**What the task asks**
Return each line, exactly as given, from the one containing "Attractive headband flower" through the end of the entries below, and skip the rest.

**Extracted data**
□ □ □ □

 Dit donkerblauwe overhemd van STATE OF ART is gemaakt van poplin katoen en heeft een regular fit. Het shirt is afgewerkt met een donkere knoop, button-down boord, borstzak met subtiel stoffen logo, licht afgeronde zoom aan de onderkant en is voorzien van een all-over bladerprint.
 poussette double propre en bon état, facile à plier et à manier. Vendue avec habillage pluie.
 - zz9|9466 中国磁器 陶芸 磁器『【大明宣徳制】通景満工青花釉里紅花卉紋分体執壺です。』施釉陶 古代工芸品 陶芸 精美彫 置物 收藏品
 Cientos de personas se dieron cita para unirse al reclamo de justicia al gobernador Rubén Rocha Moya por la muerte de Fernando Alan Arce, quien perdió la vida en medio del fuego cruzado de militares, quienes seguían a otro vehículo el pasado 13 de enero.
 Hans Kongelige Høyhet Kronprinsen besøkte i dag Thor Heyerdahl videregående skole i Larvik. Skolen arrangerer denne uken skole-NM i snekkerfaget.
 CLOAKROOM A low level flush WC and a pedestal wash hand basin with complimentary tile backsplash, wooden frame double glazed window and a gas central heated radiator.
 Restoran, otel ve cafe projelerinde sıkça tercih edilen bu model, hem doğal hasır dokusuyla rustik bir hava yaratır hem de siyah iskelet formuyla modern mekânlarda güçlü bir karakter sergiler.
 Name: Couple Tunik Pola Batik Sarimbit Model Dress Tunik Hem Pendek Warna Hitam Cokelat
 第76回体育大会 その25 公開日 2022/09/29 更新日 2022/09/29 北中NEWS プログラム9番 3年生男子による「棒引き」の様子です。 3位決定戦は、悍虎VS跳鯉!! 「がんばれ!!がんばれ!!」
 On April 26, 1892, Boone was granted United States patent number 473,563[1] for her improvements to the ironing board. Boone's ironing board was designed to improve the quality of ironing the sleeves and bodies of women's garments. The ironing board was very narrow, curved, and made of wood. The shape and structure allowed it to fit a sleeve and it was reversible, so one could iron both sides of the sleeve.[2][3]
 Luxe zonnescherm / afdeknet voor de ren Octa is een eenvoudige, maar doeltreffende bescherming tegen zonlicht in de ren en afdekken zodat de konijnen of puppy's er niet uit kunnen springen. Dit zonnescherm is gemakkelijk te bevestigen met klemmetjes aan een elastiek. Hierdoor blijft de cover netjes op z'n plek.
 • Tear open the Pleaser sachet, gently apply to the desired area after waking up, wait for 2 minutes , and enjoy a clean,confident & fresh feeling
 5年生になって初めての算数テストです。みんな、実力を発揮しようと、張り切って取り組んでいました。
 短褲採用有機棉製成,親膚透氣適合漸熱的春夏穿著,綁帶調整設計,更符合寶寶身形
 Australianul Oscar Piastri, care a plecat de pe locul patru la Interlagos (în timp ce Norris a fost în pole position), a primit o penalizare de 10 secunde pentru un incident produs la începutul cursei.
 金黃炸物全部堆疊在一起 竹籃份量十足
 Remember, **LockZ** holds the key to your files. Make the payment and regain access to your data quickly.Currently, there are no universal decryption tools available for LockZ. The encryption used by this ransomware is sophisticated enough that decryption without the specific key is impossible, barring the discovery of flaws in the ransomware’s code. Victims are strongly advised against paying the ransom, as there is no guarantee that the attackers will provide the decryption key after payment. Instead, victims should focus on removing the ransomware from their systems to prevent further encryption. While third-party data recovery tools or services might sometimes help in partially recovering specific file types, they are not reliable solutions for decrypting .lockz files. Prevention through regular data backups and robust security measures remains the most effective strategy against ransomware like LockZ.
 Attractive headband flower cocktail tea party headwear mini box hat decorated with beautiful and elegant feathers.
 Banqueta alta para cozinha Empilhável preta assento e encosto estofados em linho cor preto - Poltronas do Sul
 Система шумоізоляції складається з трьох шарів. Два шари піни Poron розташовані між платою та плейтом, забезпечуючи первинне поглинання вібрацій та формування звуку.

□ □ □ □

**Answer area**
 Attractive headband flower cocktail tea party headwear mini box hat decorated with beautiful and elegant feathers.
 Banqueta alta para cozinha Empilhável preta assento e encosto estofados em linho cor preto - Poltronas do Sul
 Система шумоізоляції складається з трьох шарів. Два шари піни Poron розташовані між платою та плейтом, забезпечуючи первинне поглинання вібрацій та формування звуку.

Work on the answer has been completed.